Can You Find These Famous Houses in St. Louis?

Victorian house similar to one in film in St. Louis

Image by Victoria Lea on Unsplash

Every city has its share of “famous” houses, and St. Louis is no different. Whether it is a location from a movie or TV show either set or filmed in our city or the home of a noteworthy celebrity, we all take some hometown pride in recognizing these places.

Here are some places that every St. Louisan should know and the stories behind them. How many can you find?

St. Louis Houses on the Big Screen

While not as well-represented as New York or Los Angeles in film and TV, St. Louis has played a part in some well-known movies.

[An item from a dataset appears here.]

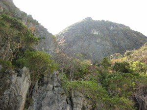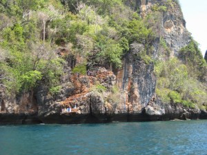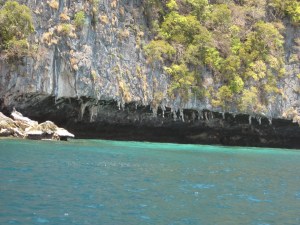 After we left Loh Samah Bay, we headed towards Pi Ley bay, or the locals call it James Bond Bay, where the area was featured in some James Bond movie some 20 years ago. However, due to low tide, we can only see the bay from outside. We were then taken to the next area, Viking cave. The guide told us the cave used to be hideout for Vikings a long time ago, however now it is bought over by some private company to harvest bird’s nest. We were prohibited to enter the caves, and only able to see from outside. I rather like the limestone formations of this cave, look like one of the hideouts you would find in some Batman movies. After leaving the Viking cave, we headed for Monkey beach. Now this beach was given this name due to numerous wild monkeys coming to the beach. As the crew tried to anchor the boat, they were unable to do so as the tide was low and the seabed was covered with rocks. In their effort to try anchoring the boat, I think they had damaged one of the 3 engines. So the coxswain told the guide (in Thai) that we will weigh anchor and head towards our lunch first before coming back here again.

Can you see the house from Meet Me in St. Louis? This 1944 Judy Garland classic uses St. Louis and the 1904 World’s Fair as its backdrop. The musical is based on stories written for The New Yorker magazine by St. Louisan Sally Benson. She wrote of events at her childhood home at 5135 Kensington Avenue, which is a few blocks north of MADE (a satellite location of the Magic House) on Delmar. 

The large Victorian house from Meet Me in St. Louis is not really in St. Louis. It was actually just an MGM Studio set. And sadly, the real house on Kensington—which was not quite as grand—was torn down in 1994 after years of neglect.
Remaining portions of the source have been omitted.